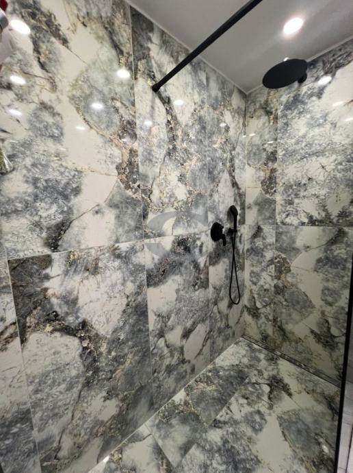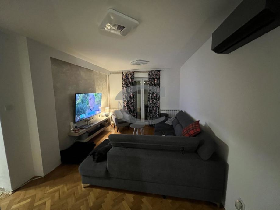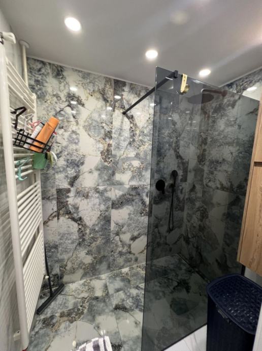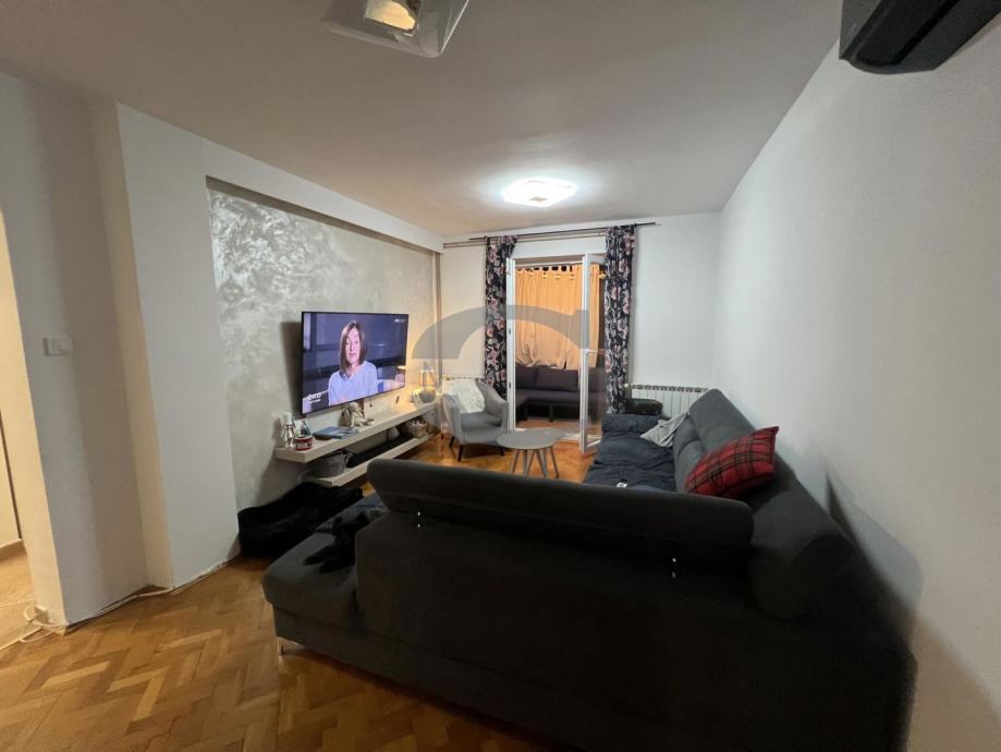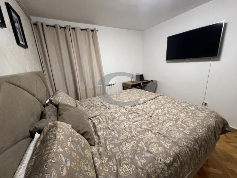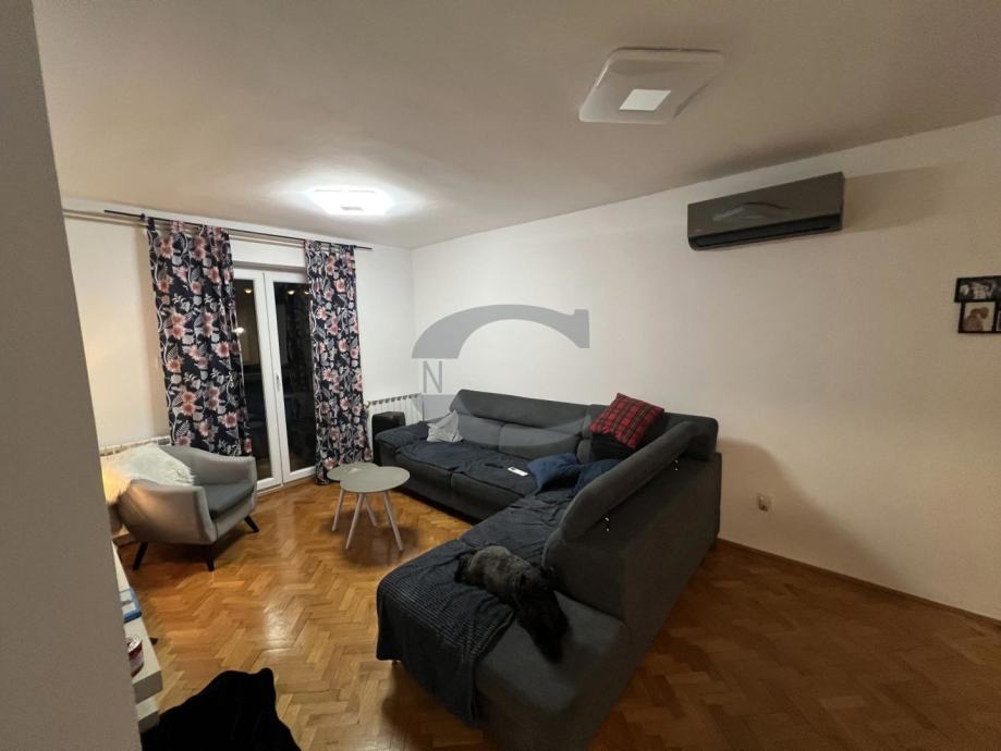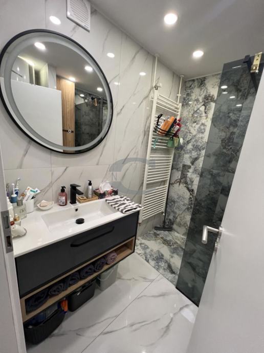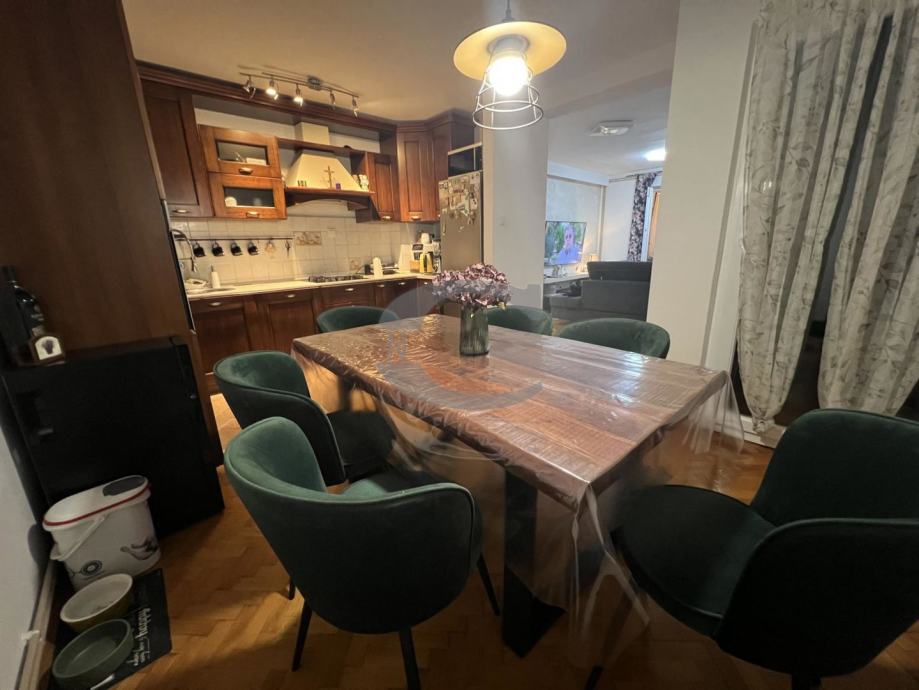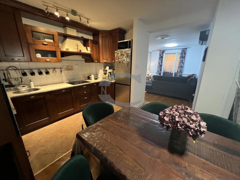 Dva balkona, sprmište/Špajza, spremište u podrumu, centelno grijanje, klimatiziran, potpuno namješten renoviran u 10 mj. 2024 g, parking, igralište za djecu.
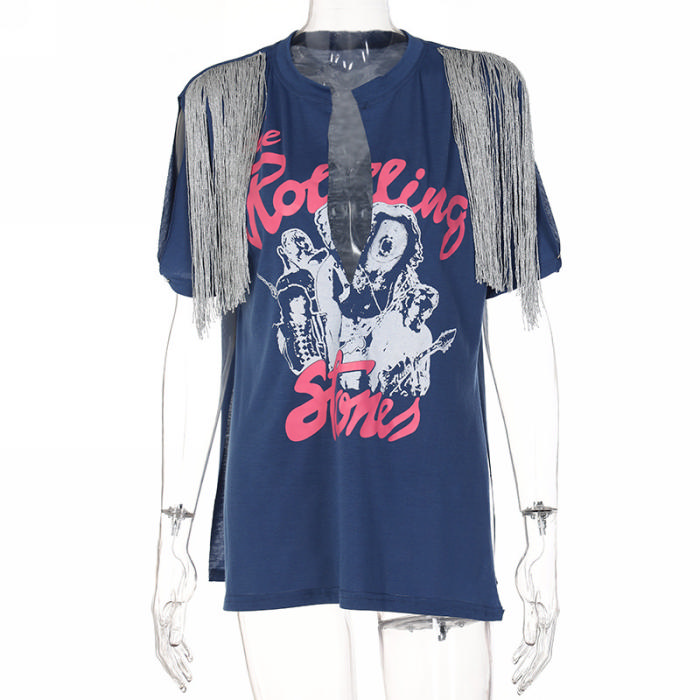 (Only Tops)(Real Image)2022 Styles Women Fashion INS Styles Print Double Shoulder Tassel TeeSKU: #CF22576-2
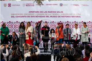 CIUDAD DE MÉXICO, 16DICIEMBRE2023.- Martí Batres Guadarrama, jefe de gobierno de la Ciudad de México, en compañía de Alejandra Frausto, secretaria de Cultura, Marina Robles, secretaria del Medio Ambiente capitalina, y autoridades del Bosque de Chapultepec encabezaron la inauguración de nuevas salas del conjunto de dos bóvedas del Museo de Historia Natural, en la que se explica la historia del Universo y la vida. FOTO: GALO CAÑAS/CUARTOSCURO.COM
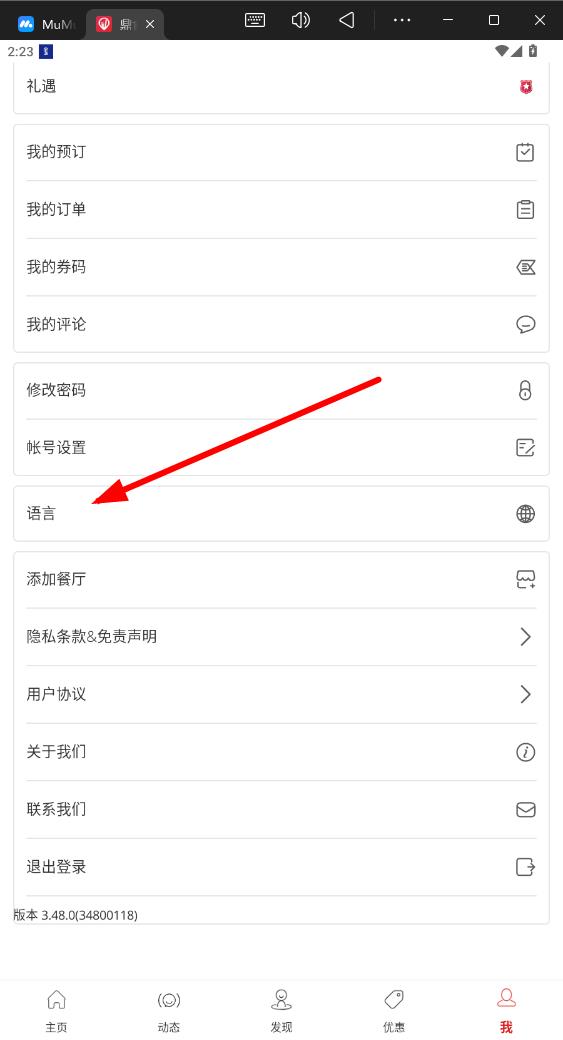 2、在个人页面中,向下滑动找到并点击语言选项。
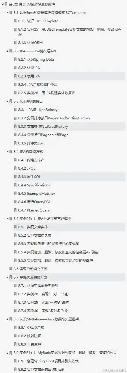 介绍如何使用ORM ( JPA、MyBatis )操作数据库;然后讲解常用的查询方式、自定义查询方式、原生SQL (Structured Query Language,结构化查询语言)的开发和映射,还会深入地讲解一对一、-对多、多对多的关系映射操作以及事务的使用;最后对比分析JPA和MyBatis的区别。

→ **EXERCISE DESCRIPTION**
Write out exactly the lines of the material above, starting with the first and finishing with the line that contains "(Only Tops)(Real Image)2022", without pictures.

→ **EXPECTED ANSWER**
 Dva balkona, sprmište/Špajza, spremište u podrumu, centelno grijanje, klimatiziran, potpuno namješten renoviran u 10 mj. 2024 g, parking, igralište za djecu.
 (Only Tops)(Real Image)2022 Styles Women Fashion INS Styles Print Double Shoulder Tassel TeeSKU: #CF22576-2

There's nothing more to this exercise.